The ‘dispositif’ or apparatus is a concept inherited from film and media philosophy and post-structuralist theories of governmentality that is able to gather together questions of comportment, movement and relation around non-suspended infrastructures. In this first class we will read ‘Infrastructures as Ontological Experiments’ by Casper Bruun Jensen and Atsuro Morita, with Agamben’s text, ’What is an Apparatus?’ in order to gather together what Anna Poletti interviewing Chris Kraus appreciates as “the anthropology of the setup” in experimental writing that performs consciousness of de/re subjectivization.

The anthropologist Brian Larkin (in Jensen and Morita) defines infrastructures as ‘objects that create the grounds on which other objects operate,’ and as ‘things and also the relation between things.’ Infrastructures involve complex relations of modeling and experimentation; they are not only foundational to certain models of civilization, they are also generative of politics, society and environment systems.

Agamben argues in ‘What is an Apparatus?’ that in our current phase of late capitalism has witnessed a proliferation of new apparatuses to capture every moment and facet of life, such that new apparatuses subjectify precisely by desubjectifying.

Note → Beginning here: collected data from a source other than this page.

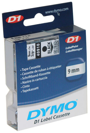 40910 DYMO páska D1 samolepicí plastová 9mm, černý tisk na průhledné pásce, návin 7m
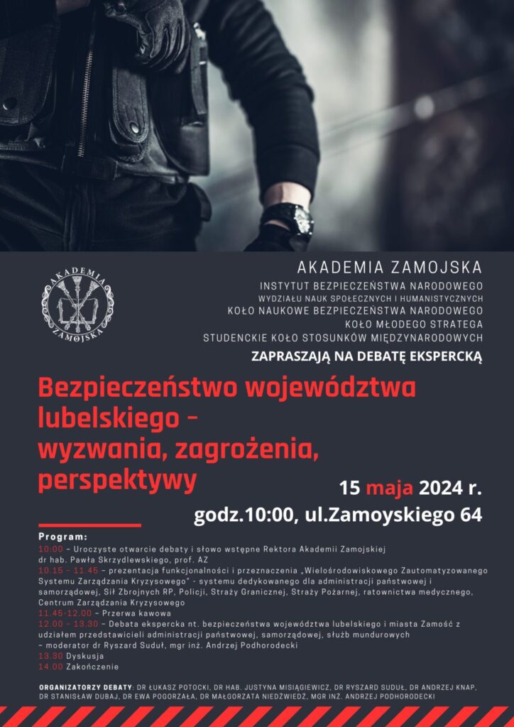 Instytut Bezpieczeństwa Narodowego Akademii Zamojskiej oraz Koło Młodego Stratega, Studenckie Koło Stosunków Międzynarodowych, Koło Naukowe Bezpieczeństwa Narodowego zapraszają na seminarium Bezpieczeństwo województwa lubelskiego – wyzwania, zagrożenia, perspektywy”.
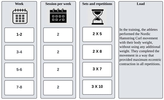 - Ripley, N.J.; Cuthbert, M.; Comfort, P.; McMahon, J.J. Effect of Additional Nordic Hamstring Exercise or Sprint Training on the Modifiable Risk Factors of Hamstring Strain Injuries and Performance. PLoS ONE 2023, 18, e0281966. [Google Scholar] [CrossRef] [PubMed]

This is the religious element of contemporary life that is constantly ‘delivering’, despite whatever urgencies or breaks are articulated by production crises. It is through apparatuses that we “assume the legacy of the providential governance of the world”. These apparatuses can be resisted in ways that bring to light what he calls “the Ungovernable, which is the beginning and, at the same time, the vanishing point of every politics”. How can we use both texts to de-naturalize or suspend differently the infrastructures that we are attentive to, employ and are deployed by in our work? How does a thinking of infrastructure enable us to re-think, for example, presentism, sovereignty, and self-identicalism in ways that expand and challenge our writing as writing?

Spivak, G. An Aesthetic Education in the Era of Globalization by Gayatri Chakravorty Spivak. Cambridge,. Massachusetts: Harvard University Press, 2012.

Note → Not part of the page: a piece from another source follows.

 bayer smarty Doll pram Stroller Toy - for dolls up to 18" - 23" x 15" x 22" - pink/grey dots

Barthes, R. S/Z. (trans. Richard Miller), Blackwell, 1974.

Agamben, G. ‘What is An Apparatus? And Other Essays, Stanford, CA: Stanford University Press, 2005.

Jensen, C B, and Morita, A. Infrastructures as Ontological Experiments

Engaging Science, Technology, and Society 1 (2015), 81-87.

Poletti, Anna. ‘The Anthropology of the Setup: A Conversation with Chris Kraus.’ Contemporary Women’s Writing 10.1 (2016): 123-135.